How to determine the right time to refinance
While the goal of every home buyer and owner is to get the best home loan for the then current conditions and the long-term future, economic changes, either personal or global, generate the need to consider refinancing at various times.
Deciding on the right time to refinance is a function of many factors. Here are some suggestions to help you determine when the proper conditions exist to encourage a refinancing decision.
Interest rates are low
While this might appear to be an easy rule of thumb, it is not as simple as it first appears. First, how do you define "low". A historic rule of thumb no longer applies, but still enjoys large popularity.
This formerly valid theory states that a homeowner should refinance only when they can get a new home loan that is at least 2% lower than their current mortgage. The variety of creative home loan offers available should be analyzed for their overall benefits, e.g. lower points, closing costs, and terms, to help decide whether a refinance is justified.
Recommended resource: Refinance interest savings calculator
Long-term considerations vs. short-term benefits
Many homeowners understand the fundamental truth that all of us must live in the "now" since that is all that really exists. The past has already occurred and cannot be altered, and the future has yet to exist. However, when considering mortgage loan choices, living only in the now can be expensive.
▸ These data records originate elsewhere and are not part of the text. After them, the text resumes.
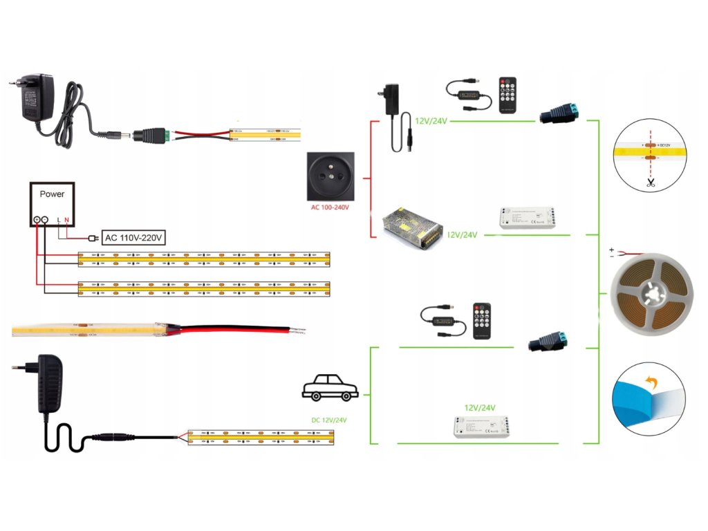 - Při instalaci pásku použijte dodatečný zdroj napájení nebo uzavírejte obvod k napájení každých 7-8 metrů kvůli poklesu napětí, což je u tohoto typu osvětlovacích výrobků normální jev. Pájení pásku cínem z výroby není výrobní vadou.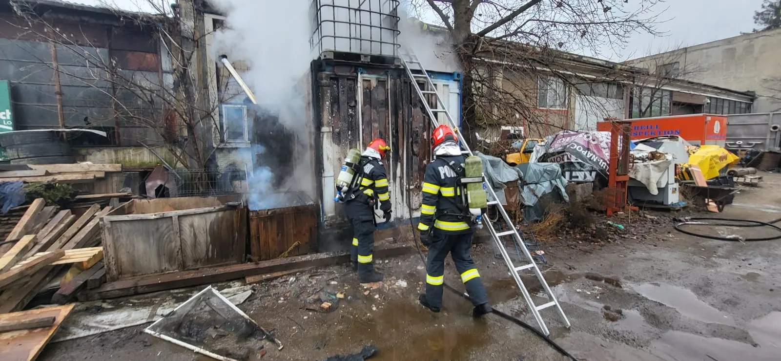 „Pompierii intervin pentru a stinge un incendiu care a cuprins un container unde sunt depozitate mai multe cauciucuri.
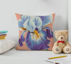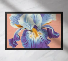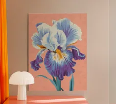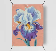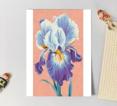 Una rappresentazione dettagliata e vibrante di un singolo fiore di iris in piena fioritura, che mostra i suoi intricati petali nei toni del blu, del viola, del bianco e del giallo. L'attenzione si concentra sulla maestosa bellezza del fiore.
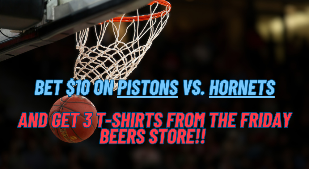 Place a $10 bet on Pistons VS Hornets & GET 3 T-Shirts From The Friday Beers Store!(AN ACTUAL BET MUST BE PLACED TO RECEIVE YOUR T-SHIRTS)
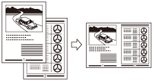 2매, 4매의 원고를 단면 또는 양면 복사 용지에 맞추어 자동으로 축소할 때 누릅니다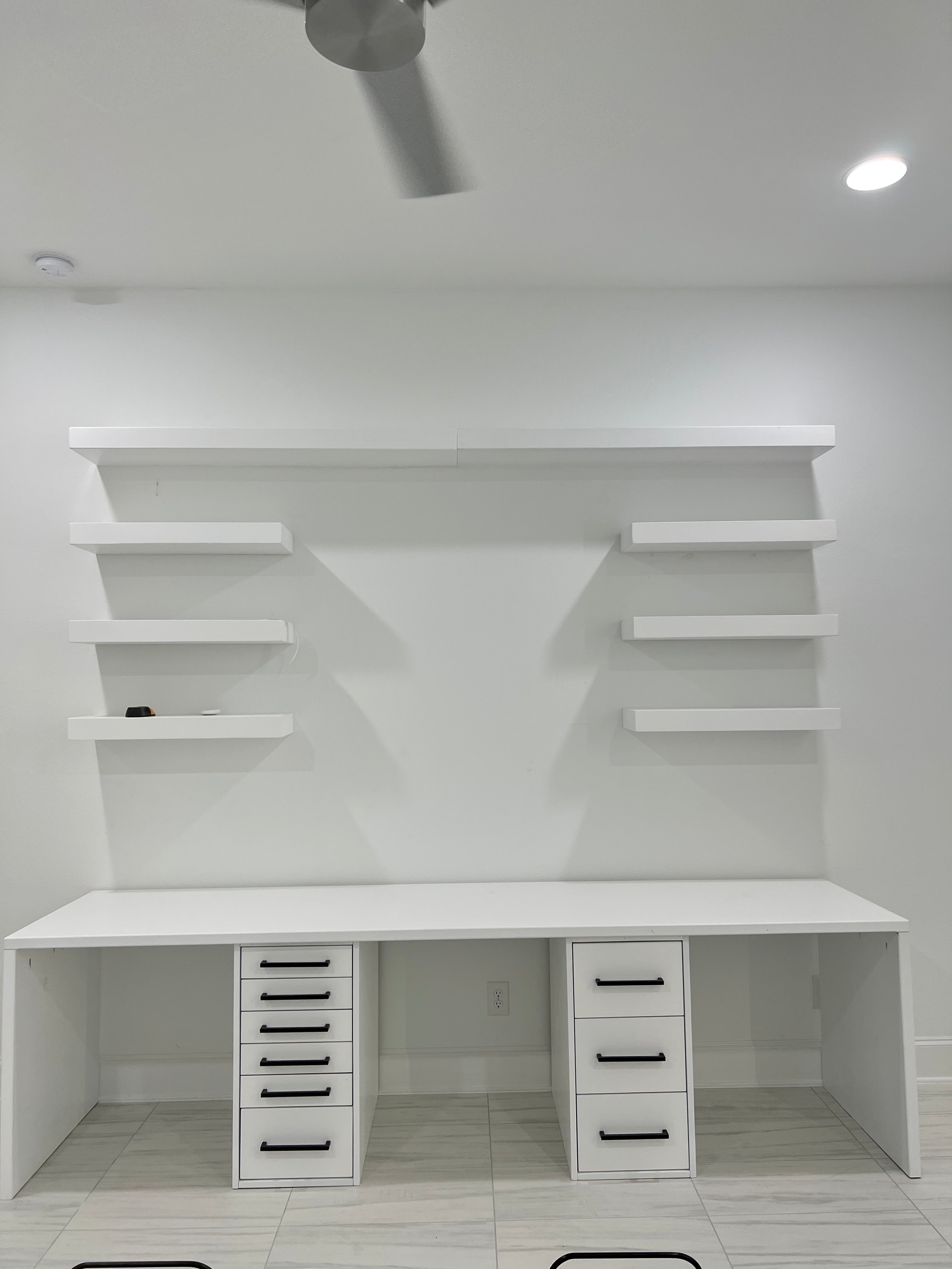 - (4) Floating Shelves: 41.5" L x 12" W x 3" H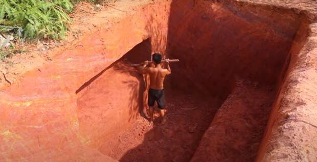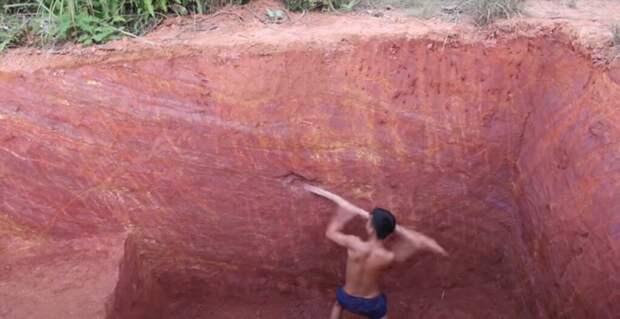 Авторы где-то в Юго-Восточной Азии строят примитивным способом различные сооружения. Возможно, через несколько лет (или десятков лет) глина их бассейна окаменеет (наберет прочность, если делать аналогию с бетонами) и будет не отличима от скального.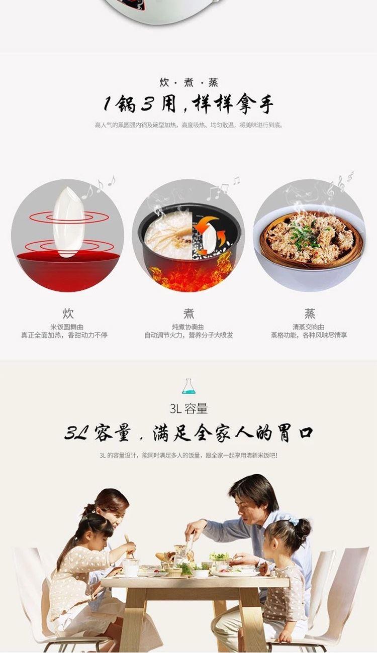 商品毛重:3.5kg; 产品尺寸:25.6*34.9*20.9cm 类别:家用电饭煲; 操作方式:按键式: 容量:3L; 功能:预约,蛋糕,粥,炖汤;内胆材质:黑晶;加热方式:三维立体加热; 包装清单: 电饭煲、内胆、调理盘、饭勺、汤勺、说明书、质保卡、食谱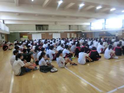 2年生は今日の朝学活の時間に、職業体験に向けての全体集会を開きました。担当の先生より身だしなみや言葉遣いなどの指導がありました。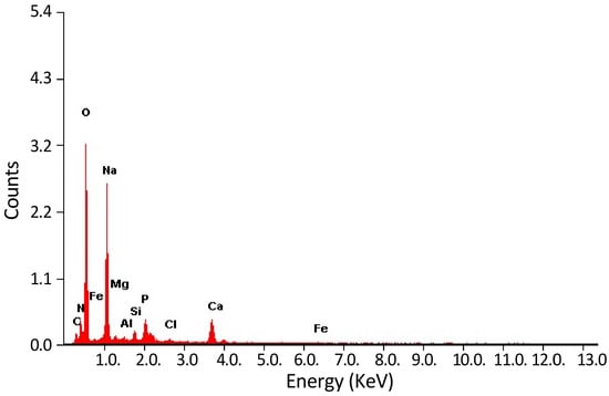 An EDX assay was conducted to determine the elemental compositions of the biomass; see Figure 4. The results indicate that the chemical composition of biomass was: 5.04% of carbon, 53.64% of oxygen, 13.47% of nitrogen, 19.44% of sodium, and 3.40% of calcium with some other trace chemical elements. The abundance and components revealed by EDX are consistent with the FT-IR results. The high percentage of carbon, nitrogen, and oxygen is a typical requirement to enhance the adsorption of dyes by the biomass.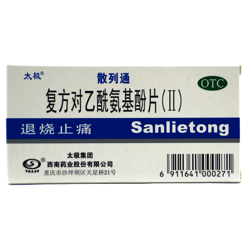 产品剂型:片剂 药品分类:非处方药 有效期:60个月 用法:口服 类别:复方制剂 品牌:太极 适用人群:儿童.成人 使用剂量:儿童一次0.5~1片;成人一次1~2片,一日3次 疾病:风热感冒.风寒感冒 症状:头痛.肌肉痛.疼痛.发热.牙痛.关节痛.神经痛 药品名称:散列通 复方对乙酰氨基酚片(II) 药品商品名:散列通 药品通用名:复方对乙酰氨基酚片(II) 批准文号:国药准字H20013003 生产企业:太极集团西南药业股份有限公司 规格:10片/盒 查看全文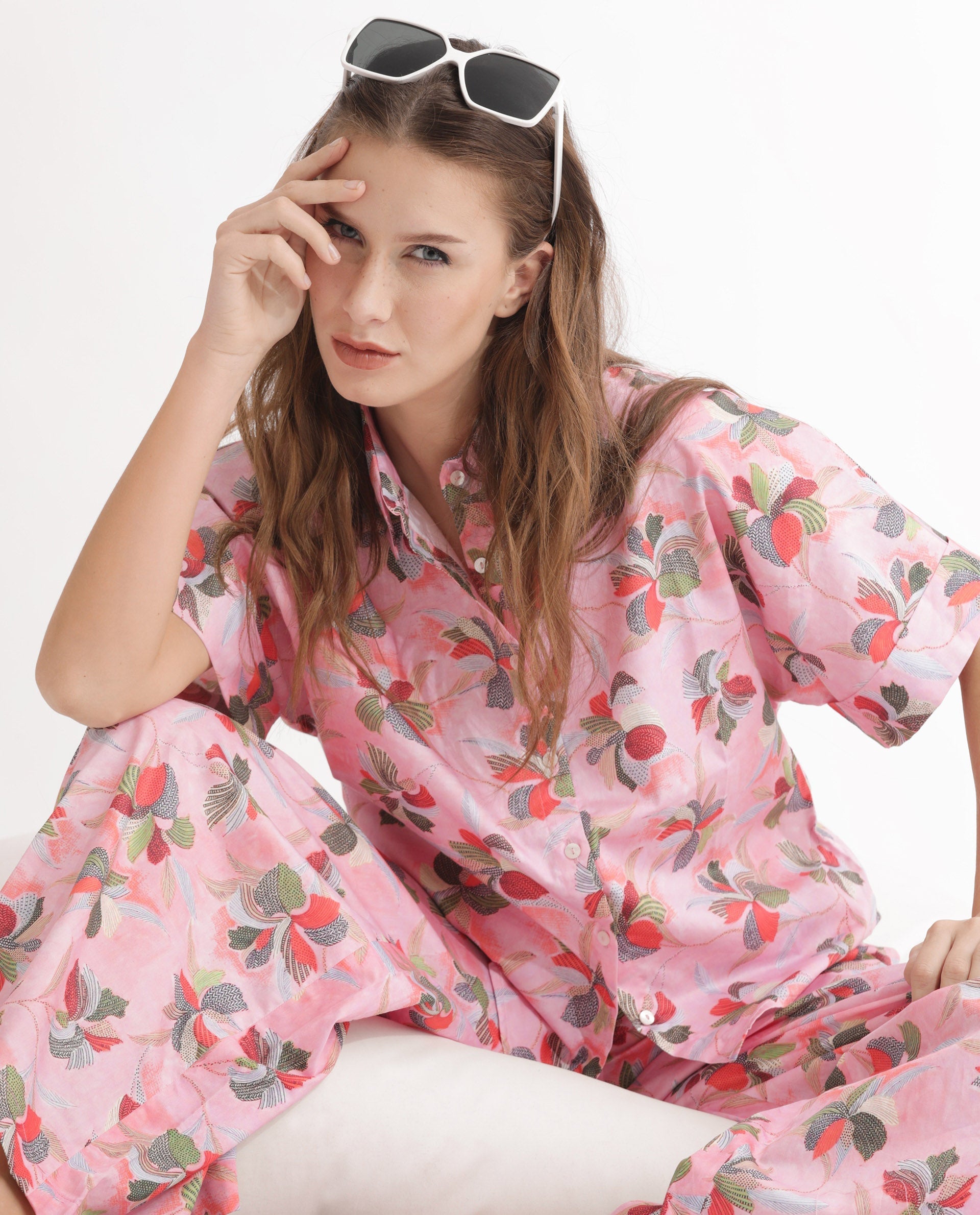 Rareism Women Kentoy-T Light Pink Cotton Fabric Short Sleeves Button Closure Shirt Collar Extended Sleeve Regular Fit Floral Print Top

For example, a below market start rate for an adjustable rate mortgage (ARM) that might escalate to stratospheric levels in the future might be a poor choice. Always consider and evaluate the long-term pros and cons of refinancing at the terms being offered.
Timing is everything
Fortunes, careers, legends, and other noteworthy accomplishments have often been made or destroyed by the simple condition of good or bad timing. In a way, refinancing decisions often fall into this historic and fateful category.
Unlike a home purchase decision, a refinancing choice is much more in the control of the borrower. Refinance now, later, or never is your choice and no one else's.
The best timing is a relative decision. Is it when rates are lowest? When you need better terms? Just prior to a change in employment or cash flow conditions?
Growth economies or recession conditions typically don't dictate the best timing for refinances. Your personal financial condition is more important to generating a yes or no decision for refinancing.
Weigh the benefits
Refinancing or not refinancing an owner-occupied home is a contradictory process. On one hand, it should be a pure business decision. Will you save money, short- and long-term, or not?
Will new home loan terms be more favorable to you or not? Will a refinance help you manage your total personal budget more effectively or further complicate your economic life?
Yet, your home is as much emotional as it is business. This complicates and clouds some decisions. Deciding when to refinance is as much a personal decision as it is a business or economic choice.